Lastly, we must mention an important issue in discussing the problem of treatment for open fractures. The Gustilo and Anderson classification is based on subjective description and is not an objective criterion based on scoring system. Two authors4344 have found this classification system to be associated with low interobserver agreement. According to Brumback et al.,43 interobserver agreement in the classification of open fractures of the tibia was about 60% based on 9 results of a survey of 245 orthopedic surgeons. Thus, the reliability of this classification system has been problematic. A recent classification based on an objective scoring system composed of the Ganga Hospital Injury Severity Score is thought to be useful for predicting the occurrence of deep infection and functional outcome.45

Although HFS18 has been devised for predictive indices of limb salvage or amputation, this scale is composed of eight objective items ([1] bone loss, [2] skin injury, [3] muscle injury, [4] wound contamination, [5] deperiostation, [6] local circulation, [7] systemic circulation, and [8] neurology), using a clear point system. We previously reported a new scoring system based on this HFS for predicting the occurrence of deep infection in open tibial fractures.46 Thus, we reclassified our cases according to HFS, as another classification tool. In addition, we should evaluate the validity and reliability of a treatment and regimen for open fractures under the consideration of the above.

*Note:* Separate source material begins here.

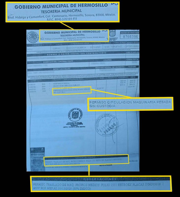 El 13 de enero de 2020, un particular pagó en Tesorería municipal un permiso anual para el traslado de una retroexcavadora, considerada como maquinaria pesada e identificada con las placas JJG0305018.

In conclusion, multivariate analyses for open tibial fractures treated with IMN showed that IMN after EF (especially in existence of pin site infection) was at high risk of deep infection, and that debridement within 6 h and appropriate soft-tissue management were also important factors in preventing deep infections. These analyses postulated that both the Gustilo type and the existence of deep infection were associated with fracture healing in open fractures treated with IMN. Moreover, immediate IMN for type IIIB and IIIC is potentially risky, and canal reaming did not increase the risk of complication for open tibial fractures treated with IMN.